Eppure nel 2023 il sindaco di sinistra Beppe Sala gli consegna il prestigioso premio milanese Ambrogino d’Oro, ma Sala, si sa, è di mano larga: l’Ambrogino l’aveva dato anche ai Ferragnez... Infine, pochi giorni fa, nella sorpresa totale, arriva pure l’invito di Carlo Conti a Sanremo. Pucci pubblica una foto completamente nudo, le natiche in vista: “Sanremo sto arrivando”. «Mi è sembrato molto strano l’invito di Conti», commenta Andrea Scarpa, decano del giornalismo di spettacolo de Il Messaggero. «L’Ariston è un palco un po’ troppo importante per Pucci, con tutto il rispetto per l’artista».

 

giorgio gaber dalia gaberscik

Qui però si rompe qualcosa: alcuni articoli, in primis quello del Corriere della Sera a firma di Renato Franco, illustrano la comicità pecoreccia e a tratti volgare di Pucci, sottolineando la sua appartenenza politica dichiaratissima a destra: Pucci viene definito un “comico fascista e omofobo”.

 

Vengono riesumati alcuni post Instagram in cui Pucci prende in giro la segretaria del Pd Elly Schlein paragonandola in modo denigratorio al suo amico Pippo Franco e vengono riportate alcune volgari battute su Tommaso Zorzi, giovane presentatore dichiaratamente gay (Pucci sosteneva che a lui il tampone Covid lo avrebbero fatto nell’ano). «Definire un comico fascista perché fa battutacce rétro e fuori moda è una cosa che respingo», dice Andrea Minuz de Il Foglio. «La penso come Pucci: la parola fascista andrebbe abolita nel 2026».

 

laura pausini

Il popolo dei social la pensa diversamente e parte con gli insulti al comico: tempo due giorni, Pucci fa retromarcia, sostenendo che lui e la sua famiglia hanno ricevuto minacce. «In questa storia a me ha stupito la scelta di Conti: Pucci è uno da Italia 1, non da Raiuno», commenta Alessandra Menzani di Libero Quotidiano.

 

«Ma detto questo, un po’ spiace che tutte queste polemiche, legate più alle battute infelici che Pucci ha fatto sui social che alla sua comicità, l’abbiano spinto a ritirarsi.
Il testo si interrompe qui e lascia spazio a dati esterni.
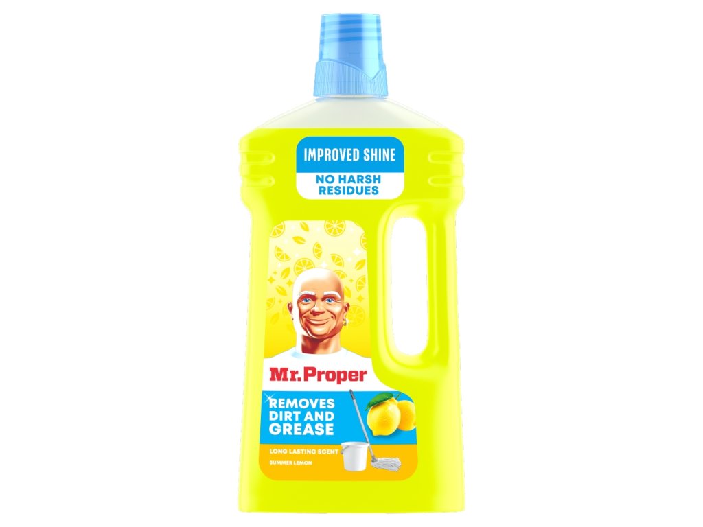 Mr. Proper Multi-Purpose Cleaner is great for cleaning almost any hard surface in your home. It's great for cleaning your kitchen sink, removing grease from your cooktop, and for cleaning your regular floors. Mr. Proper Liquid Cleaner cuts through dirt and grease and, thanks to its plant-based formula (12% of all surfactants processed), leaves no streaks. Discover our best shine yet. With a beautiful fragrance, your home will smell wonderfully fresh Lemon.
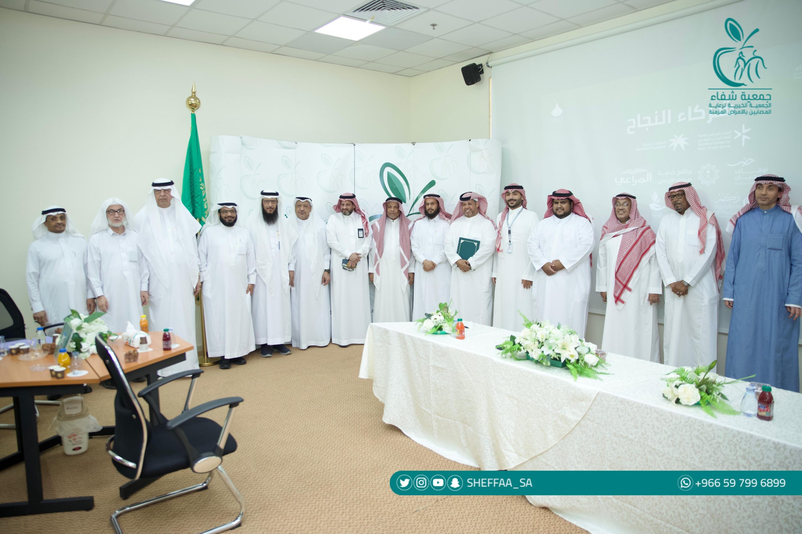 وتم توقيع الإتفاقية الرابعة لمشروع عمليات الوصلات الشريانية الوريدية بين جمعية شفاء و جمعية البر في مكة المكرمة و جمعية البر في جدة وذلك بإشراف اوقاف الضحيان لإجراء ٤٠ عملية لمستفيدي الجمعية

Spiace perché fa capire come la potenza della shitstorm possa influire sulle scelte personali e artistiche».

 

Incalza Filippo Facci, editorialista de Il Giornale: «È un tempo orribile. È come se la comunicazione globale avesse moltiplicato le possibilità di legittimare quanto siamo fatti male, quante cose orribili e stupide possiamo pensare. Prima non sapevo chi era Andrea Pucci, ora lo so: è solo quello che ha preceduto il prossimo».